Размер шрифта
-
+

Кое-какие отношения искусства к действительности. Конъюнктура, мифология, страсть - стр. 30

Картина «Рынок нашей демократии», если смотреть на эту вещь с исторической точки зрения, претерпела в своем репрезентативном качестве глубоко поучительные превращения. Она в момент создания представляла мышление достаточно массовой аудитории, активно не приемлющей развитие событий: реформы, интеграцию в мировой рынок, западные влияния в массовой культуре и пр. И все же, при всей массовости, эту аудиторию характеризовала некая маргинальность. Удаленность от мейнстрима. Котел страстей, визуализированных Глазуновым, разогревался на дровишках ресентимента. Это понятие (его формулировал еще Ницше), активно вводимое сегодня в политический оборот, характеризует долговременные общественные эмоции навязчиво-негативистского плана, сочетающие неприятие настоящего с реактуализацией и мифологизацией прошлого. «Ресентимент никогда не может образоваться без специфического чувства бессилия – бессилия в каком-либо одном из бесконечного множества отношений – в конечном счете он представляет собой одно из проявлений «нисходящей жизни» (Макс Шелер). Ресентимент достаточно многолик: при желании, под сильным микроскопом, можно различить серьезные разночтения между установками, скажем, Глазунова и Проханова. У первого сильнее мифология имперско-монархического плана, второй видит себя последним солдатом советской империи. Но гораздо весомее всех подобных нюансов является обязательный для ресентимента посыл враждебности.

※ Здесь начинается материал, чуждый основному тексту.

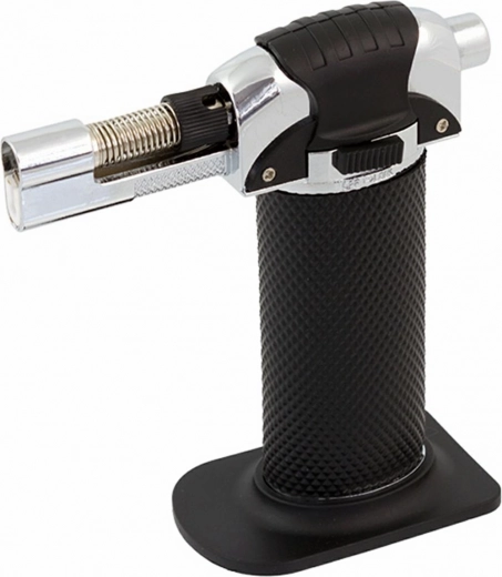 Prenosný plynový horák typu JET. Ideálne sa hodí na spájkovanie, opaľovanie alebo rozmrazovacie práce. Má integrované piezoelektrické zapaľovanie a blokovacie (bezpečnostné) tlačidlo. Možno ho plniť bežným plynom do zapaľovačov! Je vybavený gombíkom na nastavenie sily prúdu plynu a pohodlnou pogumovanou rukoväťou.

С момента написания «Рынка нашей демократии» и картин подобного плана прошло почти полтора десятка лет. Политическая атмосфера существенно изменилась. Идеи ресентимента из дискурса маргиналов перешли в пропагандистские программы государственных телеканалов. Разумеется, они были трансформированы в проблематику озабоченности местом новой России в мировой политике, в пресловутую тему «уважения» и пр. Более того, контракт государства с ресентиментом представляется мне вполне прагматичным и политтехнологичным, вовсе не исключающим принципиально другие, ориентированные все-таки на восходящую, а не нисходящую парадигму жизни. И тем не менее внешне все выглядит как победа глазуновского миропонимания: имперские амбиции, специальные отношения с РПЦ, антизападничество, третирование «либералов». Глазунов по праву может считать себя одним из отцов движения ресентимента (как бы ни назывался в его словаре этот симбиоз охранительства и экспансионизма). Счастлив ли он? Почему-то мне кажется – не вполне. Дело в том, что в течение десятилетий он, отрефлексированно или нет, использовал лексику современного искусства, во всяком случае – мышления: методики манипуляции зрительским сознанием, апроприацию, реди-мейд, квест и пр. У него были свои представления о высоком, и он отстаивал их, пусть и не всегда методами высокой этической пробы. Всю жизнь добивался для своей арт-практики статуса огосударствленного искусства, при этом оперируя элементами contemporary art. Стоял на охранительных позициях, используя при этом достаточно «продвинутые», не принятые его системными собратьями по цеху технологии массмедийного самопродвижения. Пытался соединить мифопоэтическое с негативным, агрессивным посылом. Жаждал дать зрительски аттрактивную форму ресентименту. Да, претворения противоречивого, синтеза внеположного не состоялось. Но как ни относись к нему, Глазунов – феномен эстетический. Вместе с тем жизнь сыграла с ним дурную шутку. Да, он всегда жаждал наибольшей усвояемости своего арт-продукта «общественным желудком» и добился здесь несомненного успеха: очередей, окольцевавших музейные и выставочные залы. Однако предельное упрощение общественных представлений и нравов (напомню – говорю не об обществе в целом, а об аудитории виктимной, жертве пропагандистского вещания) в определенный момент резко опередило устремления художника. Более того, напрочь вымыло эстетическое слагаемое его месседжа.